I love burgers. I love meat, period. I've yet to meet a meat I didn't
like to eat. I like to wrap my meat in other meats and see how many
species I can get on a single sandwich. McDonald's doesn't play fair
though and they get a huge long string of benefits that end up
allowing them to sell your kid crap at less than a dollar, spend
millions on marketing that crap and still make a giant profit, not
from the quality of their food but from the benefits that they receive
that your local good meat pusher doesn't.

> I just want to ensure that as an American, i still have the right to do
> unhealthy things from time to time, if I so choose. What's the point of
> living if you don't get to have some fun? I want some alcohol sometimes, I
> want some nudity sometimes (ok, LOTS of times), and I want the occasional
> Big Mac.

I love alcohol and nudity. Though I must admit, I get creeped out when
meat gets mixed in with nudity and alcohol. There's a strip club in
town that is really well known for...it's steaks. I went there once
and watched guys chowing down on a big steak while watching women
dance naked and I think that its fucking creepy.

I'd also point out that nudity, your own and others, is far from unhealthy.

> I just want to make sure I always have to things....so I get defensive when
> people suggest beginning to chip away at that in the name of the "public
> health". My health is just fine, worry about yourself :)

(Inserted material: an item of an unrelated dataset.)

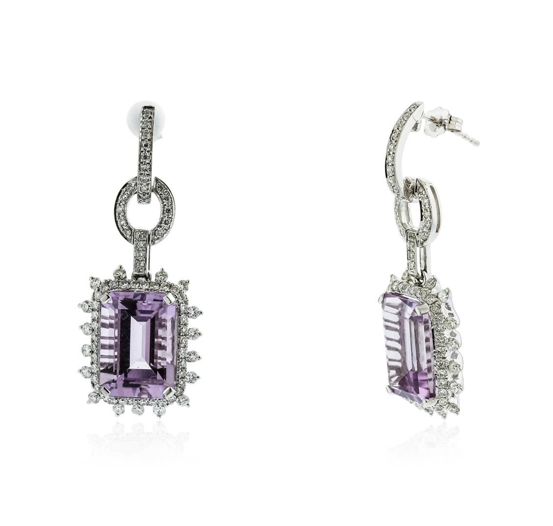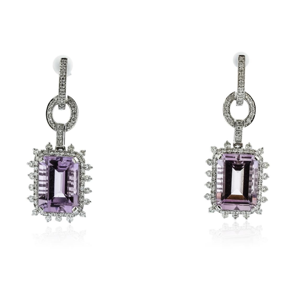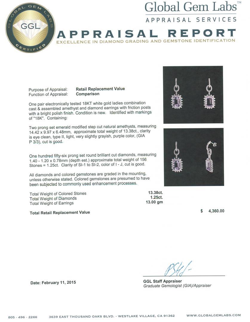 One pair electronically tested 18KT white gold ladies combination cast & assembled amethyst and diamond earrings with friction posts with a bright polish finish. Identified with markings of "18K". Condition is new. Containing: Two prong set emerald modified step cut natural amethysts, measuring 14.42 x 9.97 x 6.48mm, approximate total weight of 13.38ct., clarity is eye clean, type II, light, very slightly grayish, purple color, (GIA P 3/3), cut is good. One Hundred Fifty-Six prong set round brilliant cut diamonds, measuring 1.40 - 1.20 x 0.78mm (depth est.) approximate total weight of 156 Stones = 1.25ct. Clarity: SI-1 to SI-2. Color: I - J, Cut is Good. All diamonds and colored gemstones are graded in the mounting, unless otherwise stated. Colored gemstones are presumed to have been subjected to commonly used enhancement processes. Total Weight of Colored Stones 13.38ct. Total Weight of Diamonds 1.25ct. Total Weight of Earrings 13.00 grams. GGL Appraised at $4,360.00.

I don't think of it as public health. Public health should, hopefully,
be a side benefit. I want a level playing field. I want to see the
market corrected so there is genuine competition and things aren't
horrendously tilted toward Big Ag. I think that if people have a bunch
of good options out there that are priced at true market value and bad
crap isn't heavily subsidized, that people will make healthier
decisions. Maybe they won't. I suspect that enough will that public
health will increase, but my priority is making more options available
and having them reflect their true costs rather than forcing choices
(as is done through subsidies) on people.